Exercise 2: USING THE DYNAMIC PROGRAMMING METHOD TO
CALCULATE THE LOCAL ALIGNMENT OF TWO SHORT SEQUENCES
BY HAND
• The BLASTP algorithm performs a local alignment between a query
sequence and a matching database sequence using the dynamic
programming algorithm with the BLOSUM62 scoring matrix, a gap opening
penalty of –11, and a gap extension penalty of –1 (i.e., a gap of length 1
has a penalty of –11, one of length 2, –12, etc.). Align the sequences
MDPW and MEDPW using the Smith–Waterman algorithm described in
the dynamic programming notes by following the global alignment
example given in the notes, but using the Smith–Waterman algorithm.
• Make a matrix for keeping track of best scores and a second matrix to
keep track of the moves that give the best scores. (Hint: The alignment of
M's, P's, and W's all give high scores, so the problem boils down to how to
align D with ED and is actually quite a trivial problem.)
• Use the BLOSUM62 matrix and BLASTP gap penalties of –11,–1. What is
the optimal alignment and score between these two sequences?
Exercise 3
• What is the odds score and log odds score of the following
alignment? Blosum (D,D)=+6, (D,E)=+2
DEDEDEDE
DDDDDDDD
• Using the approximation S ~ log2(nm) and assuming that the above
alignment was found by aligning two sequences of length 250, is
the alignment significant at the 0.05 level? (That is, could an
alignment of two random sequences of the same length achieve
such a score with a probability of 0.05?)

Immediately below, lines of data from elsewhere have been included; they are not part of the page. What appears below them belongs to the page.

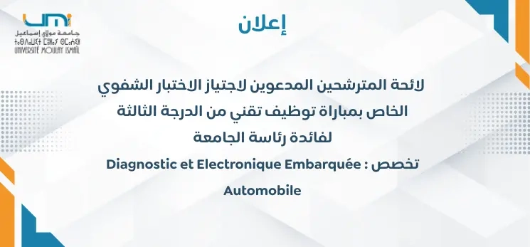 لائحة المترشحين المدعوين لاجتياز الاختبار الشفويالخاص بمباراة توظيف تقني من الدرجة الثالثةلفائدة رئاسة الجامعةتخصص : Diagnostic et Electronique Embarquée Automobile
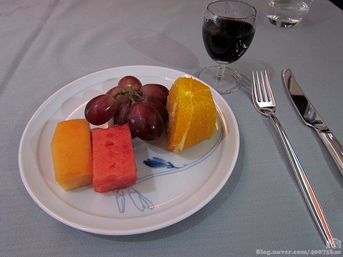 후식으로는 각종 과일이 등장합니다. 이 역시 지상에서의 맛과 크게 다르지 않은 덕에 기내식으로 좋은 메뉴지요.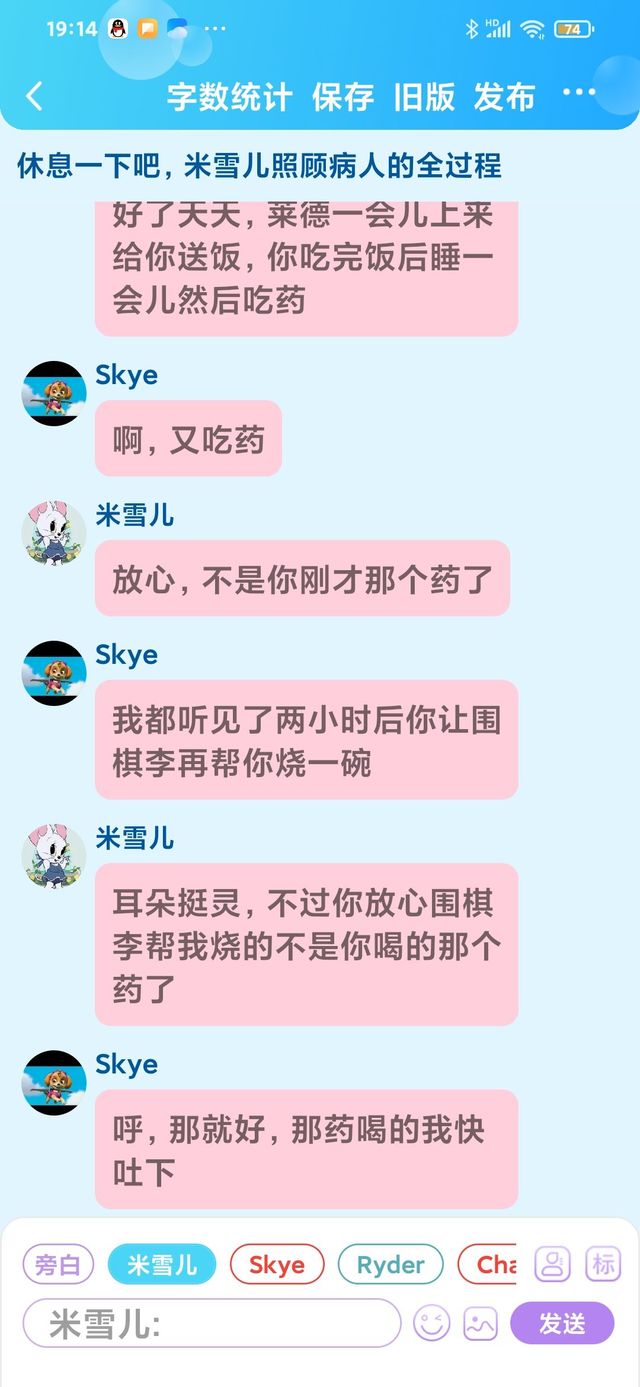 Skye(天天):放心吧Chase我没事,我刚喝完药,好多了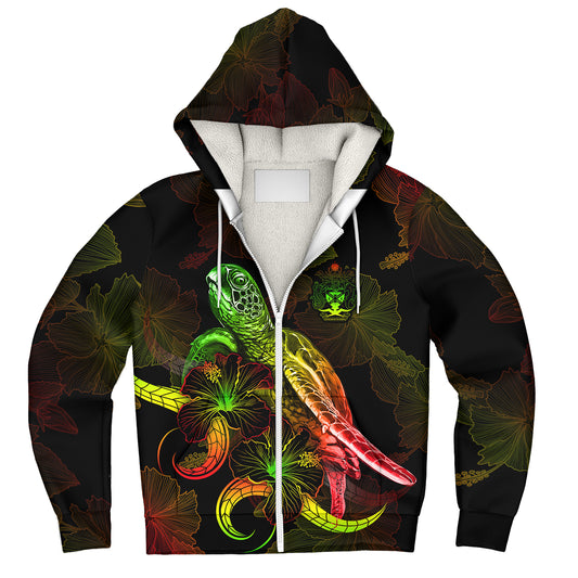 Solomon Islands Sherpa Hoodie Sea Turtle With Blooming Hibiscus Flowers Reggae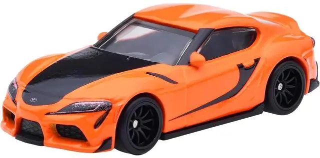 This Hot Wheels Fast & Furious 9 die cast model features the modern 2021 Toyota GR Supra in a bold orange finish. The design includes realistic contours and authentic styling inspired by the cars appearance in the Fast & Furious franchise. Made with durable die cast metal, it is suitable for collectors, display, and Hot Wheels racing play. Its 1:64 scale makes it easy to store and compatible with standard Hot Wheels track systems. A perfect addition for fans of modern sports cars and movie inspired collectibles.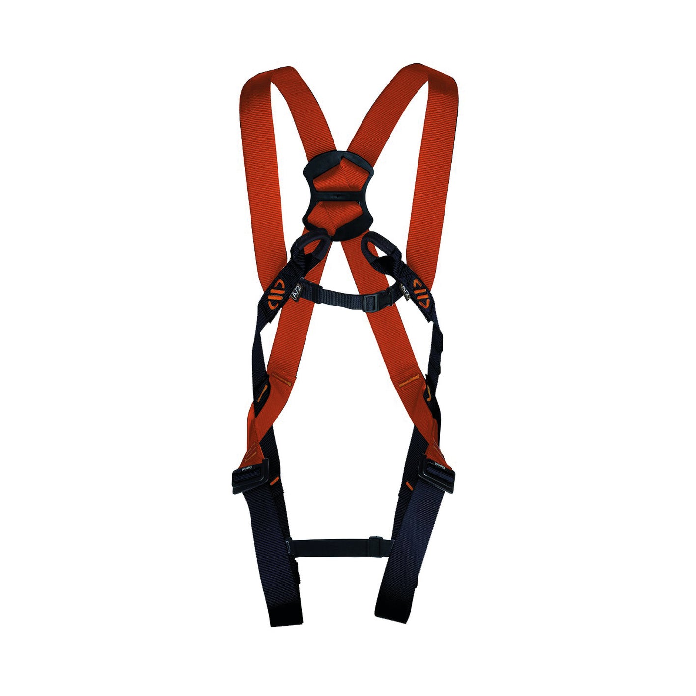 In poliammide, completa di bretelle regolabili, attacco dorsale, cosciali regolabili, attacchi sternali utilizzabili singolarmente, taglia unica

• If the gap penalty was very high, e.g., gap opening of 8 and gap
extension of 8, so that no gaps were produced, and the BLOSUM62
scoring matrix was used, calculate the significance of the alignment
using the equation P(S>x) ~ 1-exp(-Kmn exp(- λ x)). Use K=0.060 and
λ=0.270; note that this λ assumes that the alignment score is in
half-bits so that the alignment score must be in these units also.